Add optimizations doc

2025-12-15 17:21:31 -05:00 · 2025-12-15 17:21:31 -05:00 · 6fa800adc1
commit 6fa800adc1
parent f5130eaa43
1 changed files with 101 additions and 0 deletions
--- a/OPTIMIZATIONS.md
+++ b/OPTIMIZATIONS.md
@ -0,0 +1,101 @@
 # lofivor optimizations
 organized by performance goal. see journal.txt for detailed benchmarks.
 ## current ceiling
 - **100k entities @ 60fps** (AMD Radeon)
 - **50k entities @ 60fps** (i5-6500T integrated)
 - bottleneck: GPU-bound (update loop stays <1ms even at 100k)
 ---
 ## completed optimizations
 ### rendering pipeline (GPU)
 #### baseline: individual drawCircle
 - technique: `rl.drawCircle()` per entity
 - result: ~5k entities @ 60fps
 - problem: each call = separate GPU draw call
 #### optimization 1: texture blitting
 - technique: pre-render circle to 16x16 texture, `drawTexture()` per entity
 - result: ~50k entities @ 60fps
 - improvement: **10x** over baseline
 - why it works: raylib batches same-texture draws internally
 #### optimization 2: rlgl quad batching
 - technique: bypass `drawTexture()`, submit vertices directly via `rl.gl`
 - result: ~100k entities @ 60fps
 - improvement: **2x** over texture blitting, **20x** total
 - why it works: eliminates per-call overhead, vertices go straight to GPU buffer
 ---
 ## future optimizations
 ### milestone: push GPU ceiling higher
 these target the rendering bottleneck since update loop is already fast.
 | technique              | description                                                          | expected gain |
 | ---------------------- | -------------------------------------------------------------------- | ------------- |
 | increase batch buffer  | raylib default is 8192 vertices (2048 quads). larger = fewer flushes | moderate      |
 | GPU instancing         | single draw call for all entities, GPU handles transforms            | significant   |
 | compute shader updates | move entity positions to GPU entirely                                | significant   |
 | OpenGL vs Vulkan       | test raylib's Vulkan backend                                         | unknown       |
 #### rendering culling
 | technique          | description                              | expected gain          |
 | ------------------ | ---------------------------------------- | ---------------------- |
 | frustum culling    | skip entities outside view               | depends on game design |
 | LOD rendering      | reduce detail for distant/small entities | moderate               |
 | temporal rendering | update/render subset per frame           | moderate               |
 ---
 ### milestone: push CPU ceiling (when it becomes the bottleneck)

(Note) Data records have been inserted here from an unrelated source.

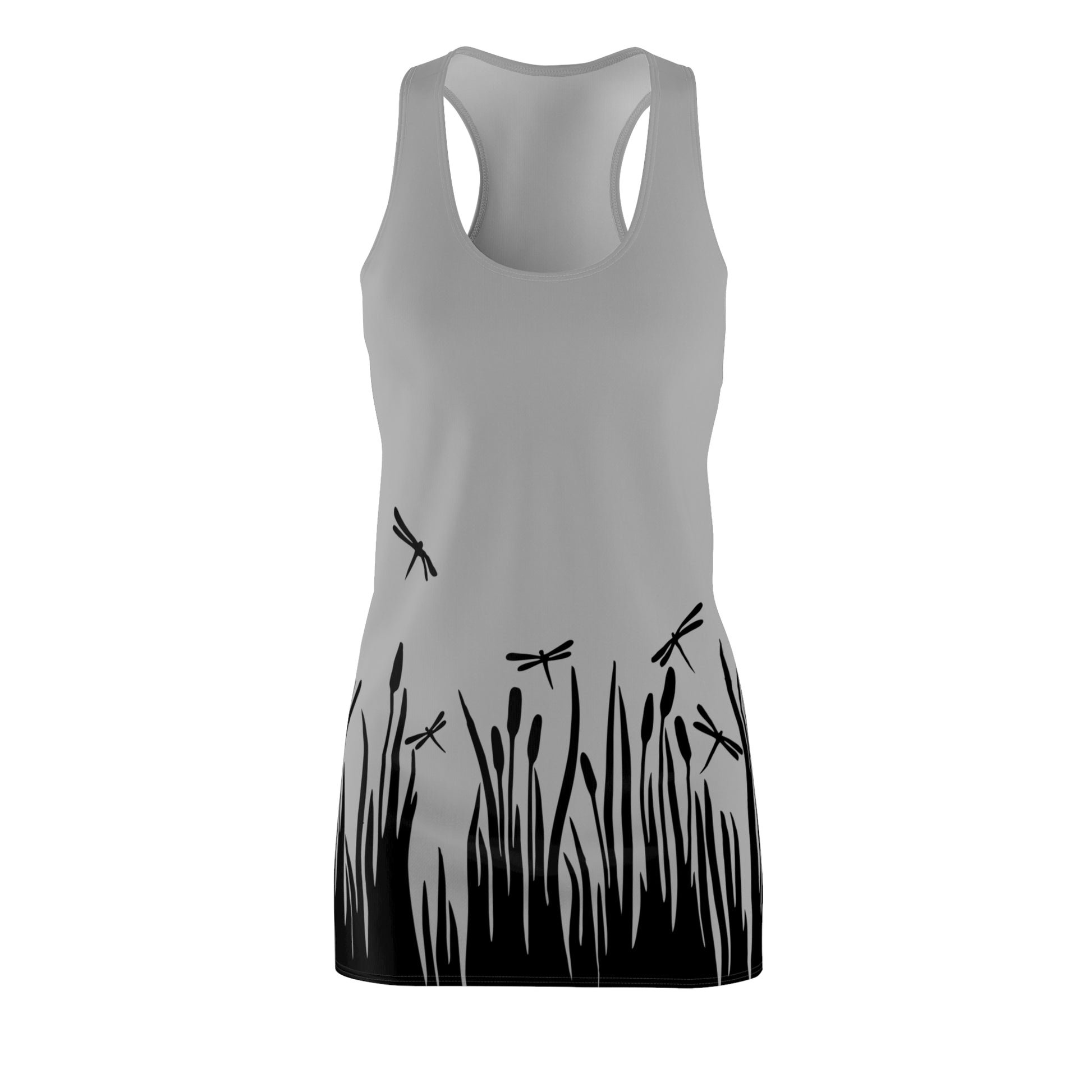 Graues Damen Kleid Libellen Design Racerback Sommer Freizeit Party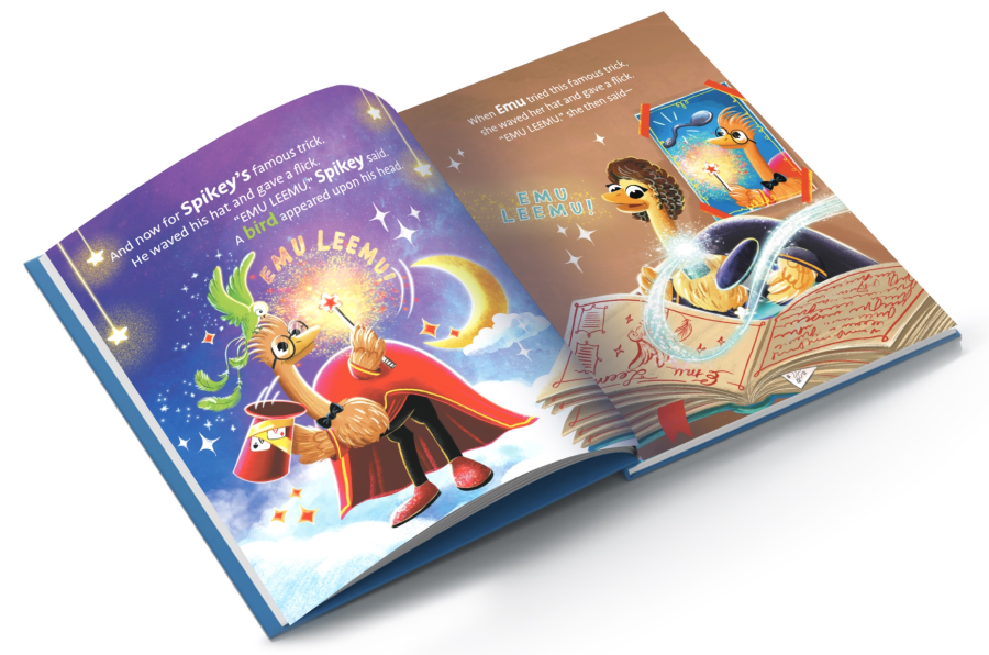 In old and charming Emu Town..an emu aspires to be the like the great magician, Spikey Spike. But her magic goes all “wrong” and nothing like Spikey’s! Will the emu find her magic and dare to be different? With colorful illustrations and playful rhymes, Magician Emu is an exciting tale of self-discovery and a celebration of being unique. It is the third in the picture book series, Emu Town Stories.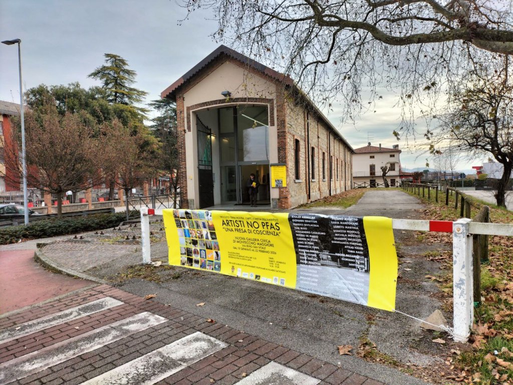Mi spiego. È davvero un fatto straordinario che un collettivo di 30 e più artisti che si firmano No Pfas arrivino proprio a Montecchio Maggiore, città dove è nato e partito – ed è stato pure osteggiato – il movimento No Pfas [3]; dove per decenni la questione PFAS è stata manipolata, sottaciuta, deviata dalla stessa politica che ha amministrato i territori. Ancora oggi.

 currently not the bottleneck - update stays <1ms at 100k. these become relevant when adding game logic, AI, or collision.
 #### collision detection
 | technique          | description                               | expected gain          |
 | ------------------ | ----------------------------------------- | ---------------------- |
 | uniform grid       | spatial hash, O(1) neighbor lookup        | high for dense scenes  |
 | quadtree           | adaptive spatial partitioning             | high for sparse scenes |
 | broad/narrow phase | cheap AABB check before precise collision | moderate               |
 #### update loop
 | technique        | description                                     | expected gain       |
 | ---------------- | ----------------------------------------------- | ------------------- |
 | SIMD (AVX2/SSE)  | vectorized position/velocity math               | 2-4x on update      |
 | struct-of-arrays | cache-friendly memory layout for SIMD           | enables better SIMD |
 | multithreading   | thread pool for parallel entity updates         | scales with cores   |
 | fixed-point math | integer math, deterministic, potentially faster | minor-moderate      |
 #### memory layout
 | technique             | description                           | expected gain               |
 | --------------------- | ------------------------------------- | --------------------------- |
 | cache-friendly layout | hot data together, cold data separate | reduces cache misses        |
 | entity pools          | pre-allocated, reusable entity slots  | reduces allocation overhead |
 | component packing     | minimize struct padding               | better cache utilization    |
 ---
 ## testing methodology
 1. set target entity count
 2. run for 30+ seconds
 3. record frame times (target: stable 16.7ms)
 4. note when 60fps breaks
 5. compare update_ms vs render_ms to identify bottleneck
 see journal.txt for raw benchmark data.